Silently, they leaned forward to see. Rachel was right about the print quality—they were poorly exposed and had been inadequately washed following development, resulting in brown stains mottling their surfaces. But they unmistakably showed a man from the back, lying on top of a young woman, her bare legs thrust apart; the same man holding a gun on another, dressed in fatigues but sporting a beard; the bearded man then clutching his chest and falling; and a fourth, quite blurred, of the shooter’s gun pointing around at the camera, as if ready to fire. The last picture didn’t show his face—or least not clearly enough to distinguish any features. Instead, the camera had, like prey focusing solely on the eyes of its attacker, instinctively centered on the gun.
“Jesus,” Lester said softly.
“Yeah,” Sam agreed. “So much for corroboration. Ben must’ve emptied one of his cameras just before Joyce reached him, and maybe shoved the roll into his pocket. I bet there’s an inventory somewhere in the bowels of the VA, listing a roll of film among Ben’s personal belongings.”
“It still may not be enough,” Joe cautioned, his frustration clear to all. “Look at them carefully. It’s definitely an extra nail in Joyce’s coffin, but I doubt you could say for sure that’s Joyce. We’re gonna have to keep digging.”
CHAPTER TWENTY-SEVEN
Deputy U.S. Attorney Frederick Rawlings frowned at the files and photographs spread across the conference table at his office back in Burlington. Appealing to Joe’s sense of fashion, he was dressed in an off-the-rack suit, a shirt with a slightly frayed collar, and a pair of boots suitable for the city slush outside. “We still have Frank Niles, supposedly willing to cut a deal,” Rawlings said hopefully.
Joe looked him in the face. “I don’t want to do that. Plus, we have less against him than we do against his boss.”
“I hear you, Joe,” Rawlings said agreeably. “But if we don’t get lucky soon, we may have to get practical.”

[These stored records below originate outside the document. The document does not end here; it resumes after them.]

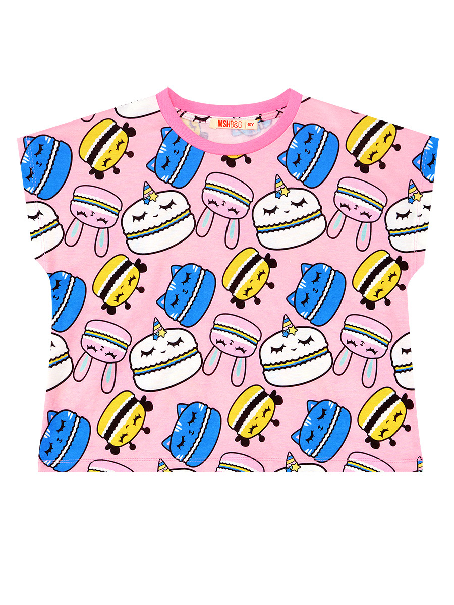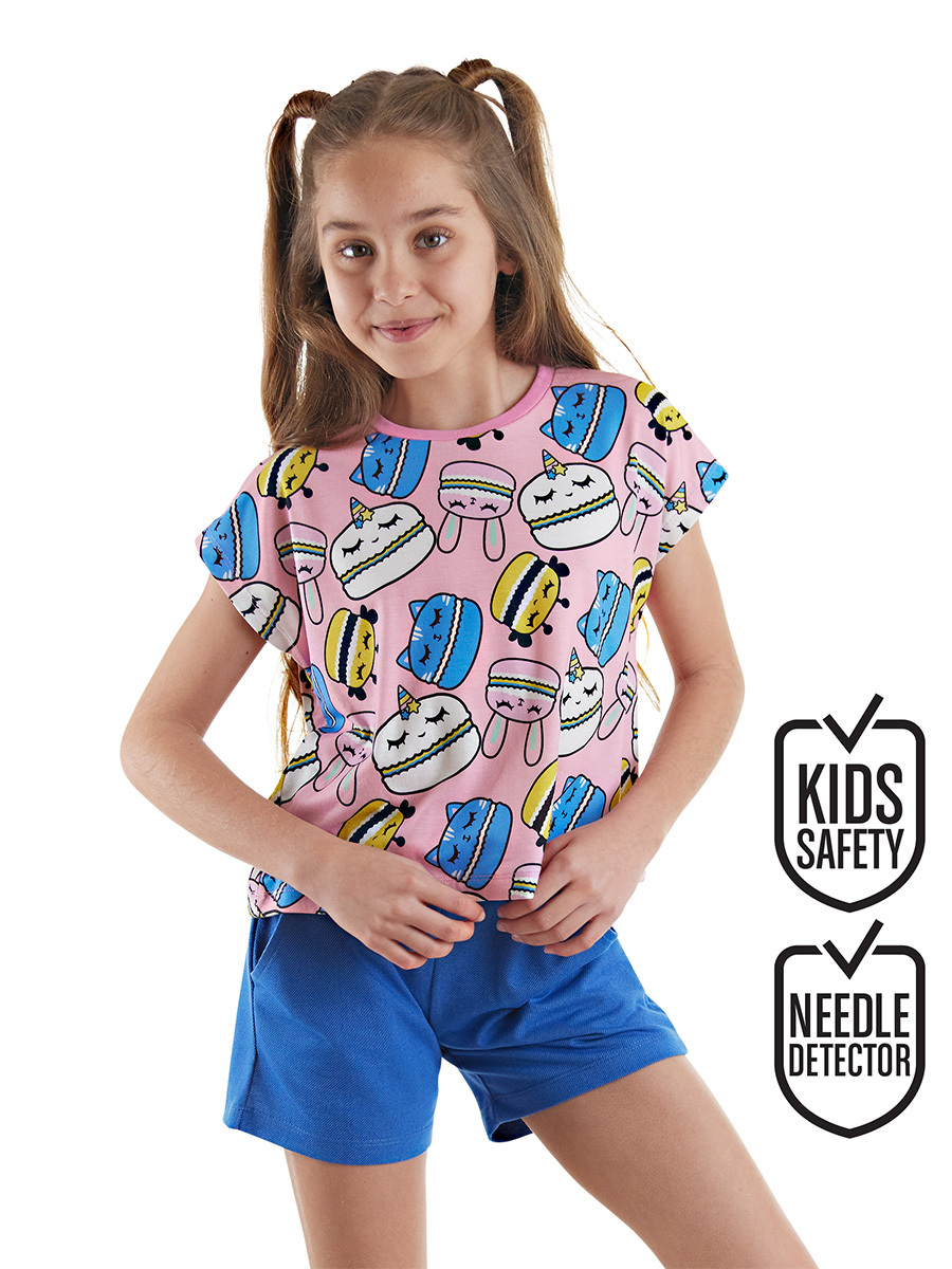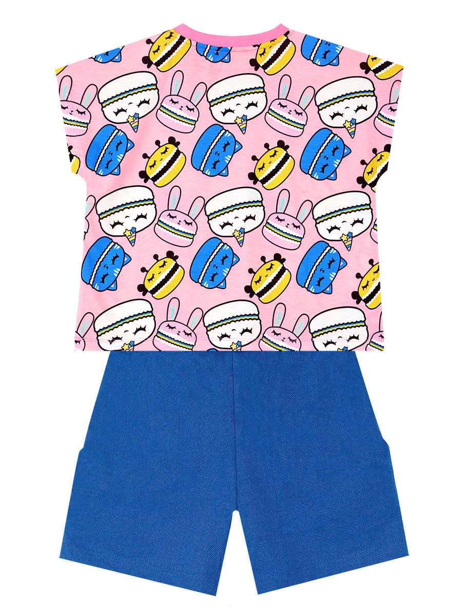 2 parça takım. Tüm yüzeyi kurabiye baskılı, crop-top kesim t-shirt. Şortu denim görünümlü kumaştan üretilmiştir. 2 yan ceplidir. Beli lastik ve kordonludur. Tüm MSHB&G ürünleri çocuk güvenlik kurallarına uygun üretilmekte ve tek tek iğne dedektörlerinden geçmektedir. Üst: %95 Polyester %5 Elastan - Alt: %65 Polyester %35 Pamuk
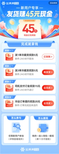 10次,据相关消息,运满满冷运为新注册的用户准备了三重轻礼:
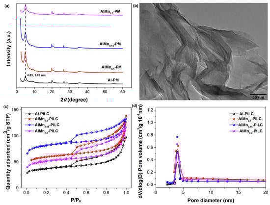 One of the most frequently used inorganic pillaring agents is multivalent polyhy-droxyl-Al3+ cations [17,18]. The polycations can be effectively intercalated into the interlayer spaces of the clay mineral by substituting the exchangeable charge-compensating cations. Followed by dehydration and dihydroxylation, stable Al oxide pillars will form between the layers with permanently enlarged interlayer spaces, which is so-called Al-PM. The interlayer spacing, pore volume, specific surface area, and thermal stability of the Al-PM can be further improved by introducing mixed-oxide pillars, such as AlFe, AlCu, AlSi, AlTi, AlGa, AlZr, AlNi, etc. [19,20,21]. The study of the preparation of AlMn–PMs has been rather scarce regarding its lower doping efficiency with Al oxides pillars. In addition, Mn and its compounds have been widely used as catalytic species for many organic reactions in homogeneous phase [19].
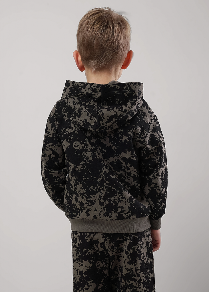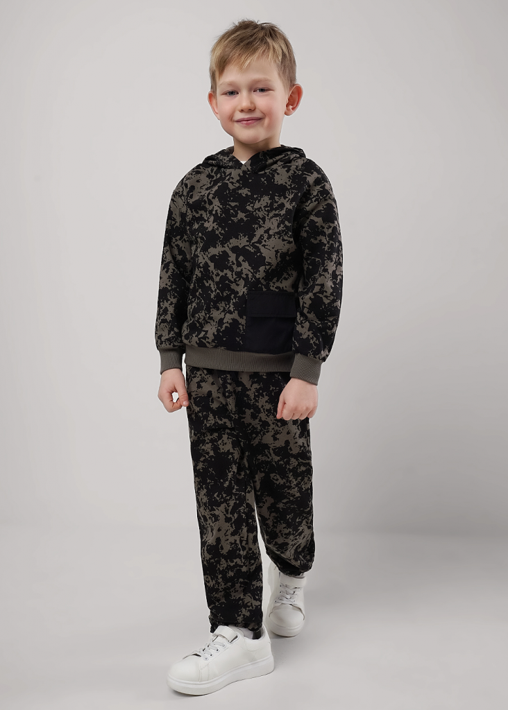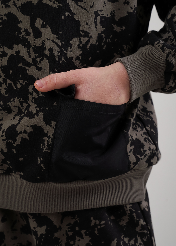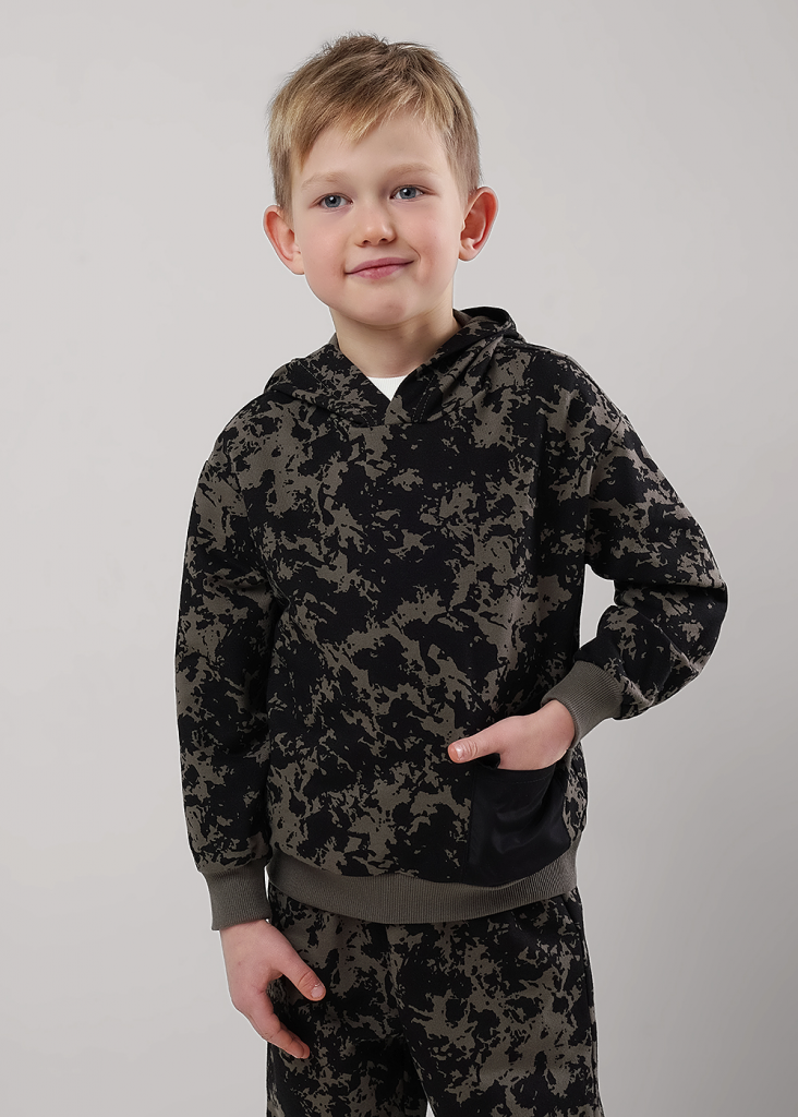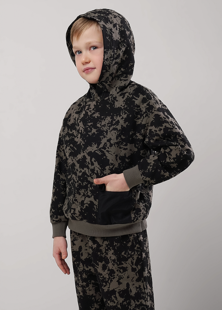 Набивная худи из хлопкового футера для активной жизни ребёнка. Комфортная посадка, манжеты и пояс из кашкорсе. Стильный элемент - накладной карман из плащёвки. Сочетай с любимыми джоггерами и будь в тренде.
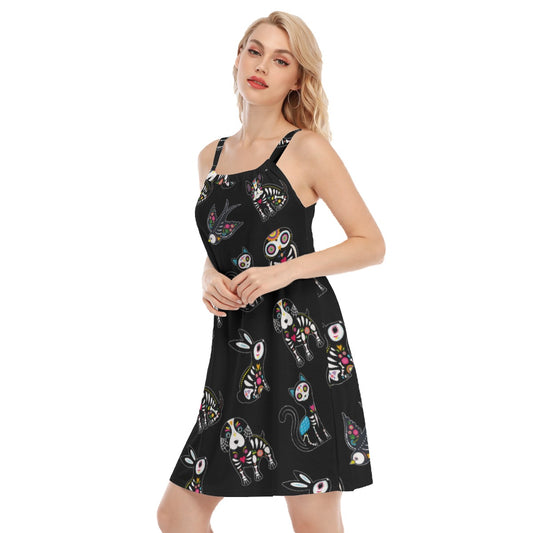 Sugar skull animal Women's Sleeveless Cami Dress, Day of the dead women's dress
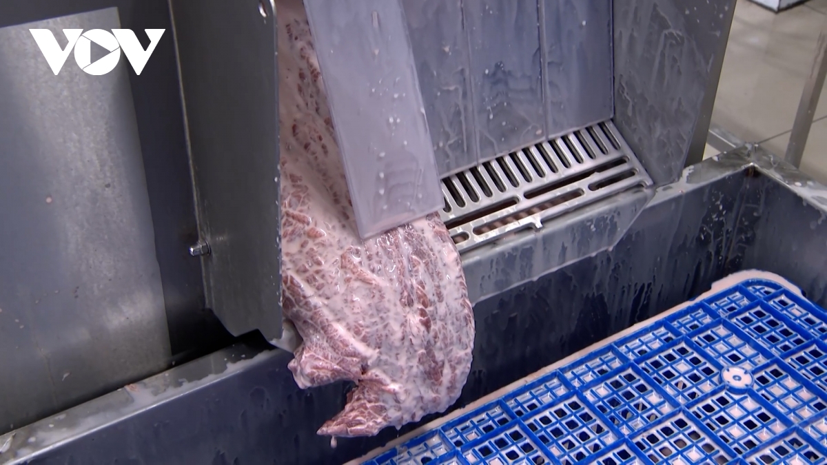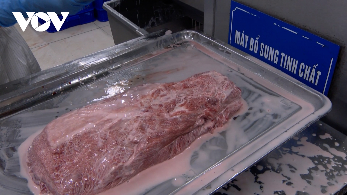 Chỉ sau vài phút, màu sắc của thịt chuyển từ nhợt nhạt, thâm tái sang đỏ tươi, có vân mỡ giống hệt thịt bò nhập khẩu. Từng khối thịt được đóng gói, dán nhãn “thịt bò nhập khẩu”, “bò Hokubeef”, “bò Wagyu”, kèm hạn sử dụng lên đến một năm, dù thời điểm giết mổ thật đã cách đó hàng năm trời.
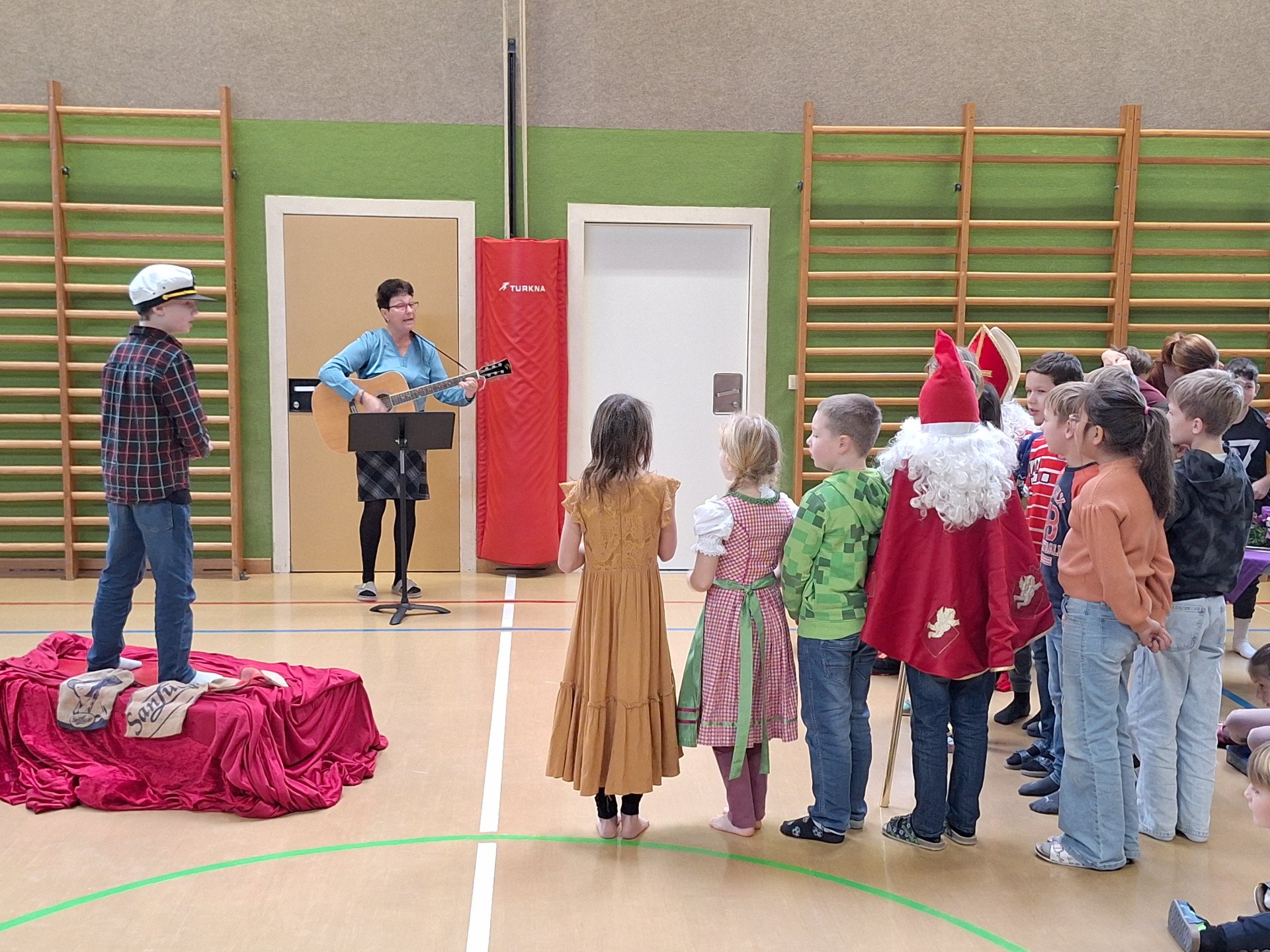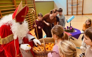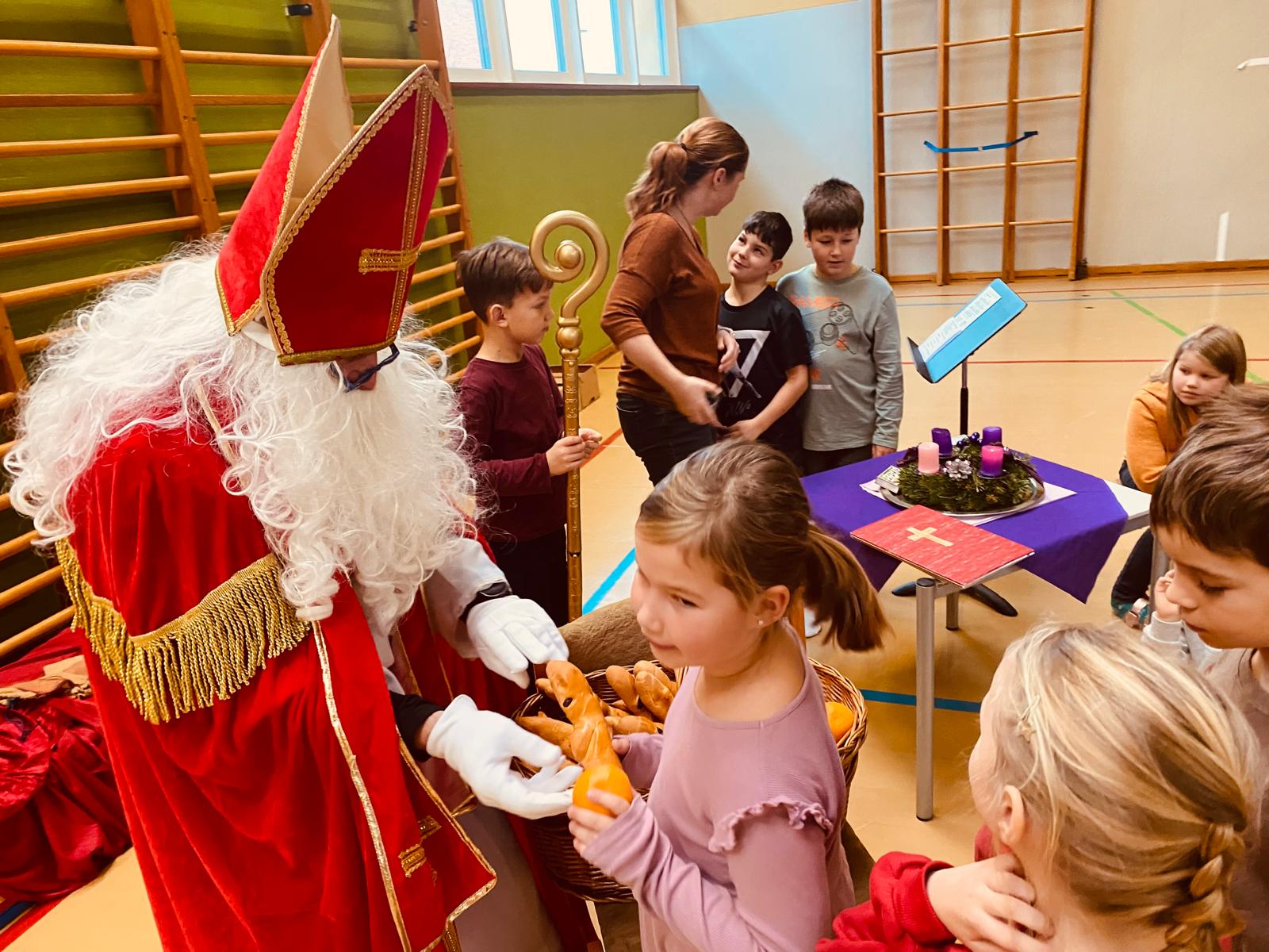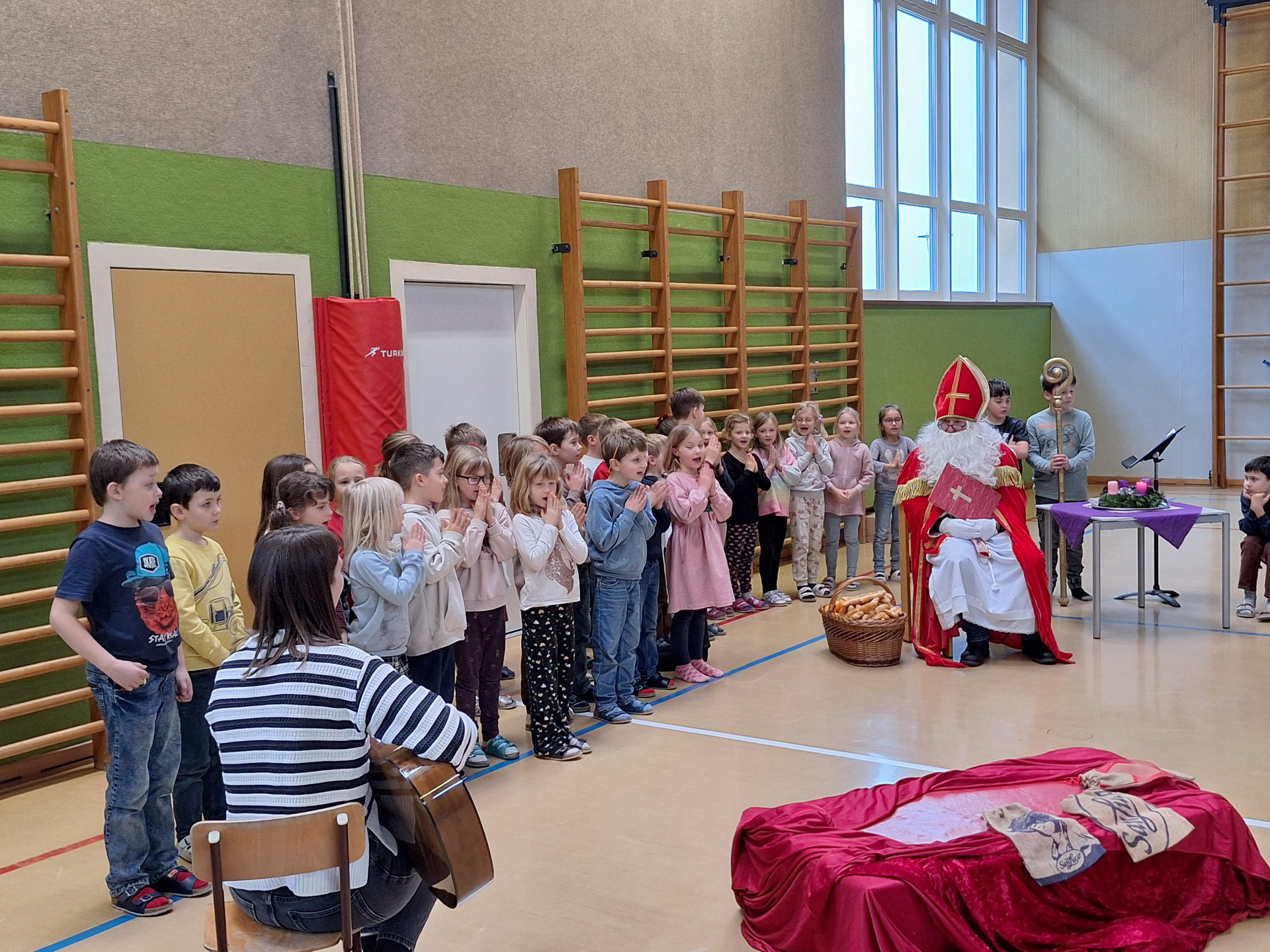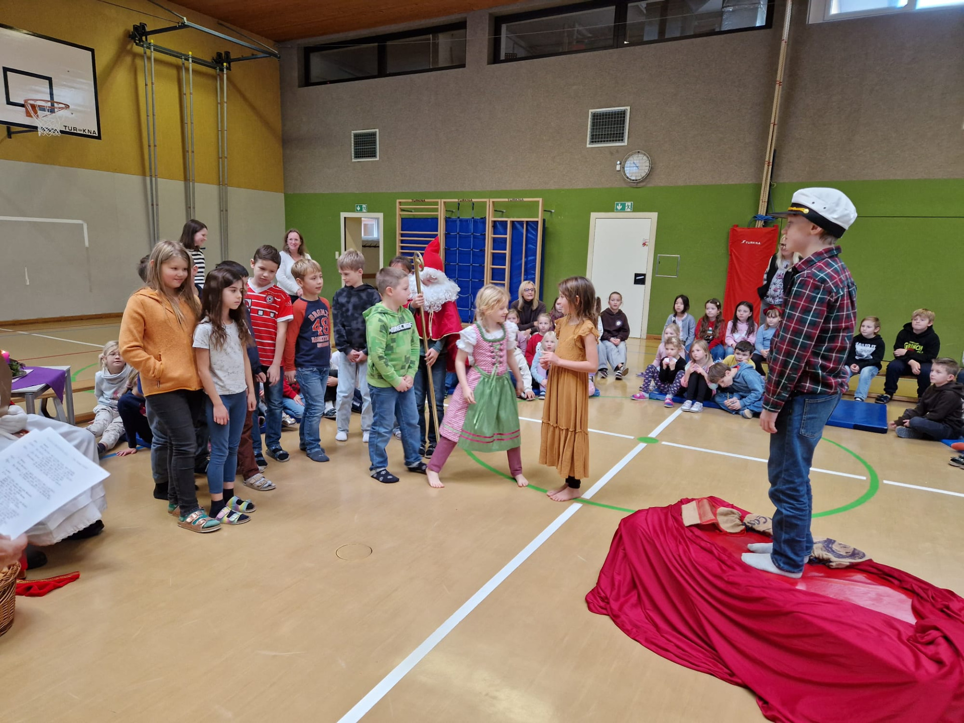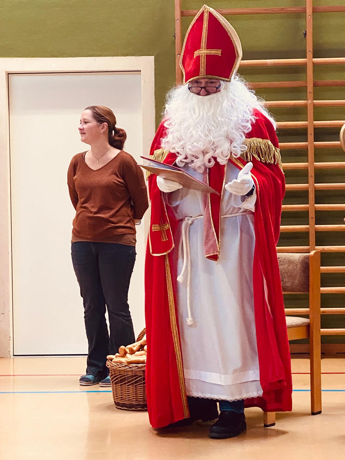 Nach einem bunten Reigen von Gedichten, szenischen Spielen und Liedern richtete unser Nikolaus sehr lobende, stärkende und aufbauende Worte an die Kinder.

Joe said in an even voice. “Niles is a sociopath. He tortured people to death.”
They had just received word that Abigail Filson, Nancy’s mother, had died in the hospital without ever regaining consciousness.
Rawlings let a few seconds elapse before asking, “What’s the status with the Chris Hadsel investigation?”
“We’ve got analysts looking at her phone and background for any linkage to Joyce or anyone near him. So far, nothing. Like Niles and Watson, it seems she erased enough of her history to make her unrecognizable to her own mother.”
Fred smiled. “I have a hard time believing that any of their mothers would care, but I take your point. What about the people Joyce supposedly paid off to keep quiet? You talk with any of them?”
“We’re working on it. But if they’re smart,” Joe reluctantly had to concede, “they’ll keep their mouths shut. I think Bob Morgan was manna from heaven, and probably unique. Not only that, but if Joyce hasn’t reached out to every one of them by now and had come-to-Jesus chats, I’d be very surprised.”
Rawlings sighed. “So, if you don’t want to trade with Niles, the other witnesses won’t play, and you’re not finding any connections between Joyce and his executioners—”he waved his hand at the messy tabletop. “—and none of the Vietnam photos can be used as rock solid proof, what
is
on your wish list?”
Joe looked at him carefully. “Am I supposed to read into that? Like, unless I come up with something, you’re not going to prosecute?”
Rawlings shook his head. “No. I’m perfectly happy to go after a United States senator circumstantially—probably at the cost of my career. I’d just like as much ammo as you can give me.”
Hardly mollified—since Joe knew that Rawlings acted only on the authority of his bosses, who could have a less generous take—Joe answered his earlier question. “I think I’ll go visit the senator.”
“To what effect?”
He stood up and walked to the door. “I’m an old-fashioned man, Fred. I like to do things face-to-face, if I can. Jack Joyce may be a bigwig politician and a rich guy with pals in the right places, but I want him to know who I am—and that a podunk cop from nowhere might have enough stubbornness to match his supposedly unbeatable muscle. You saying that’s out of bounds?”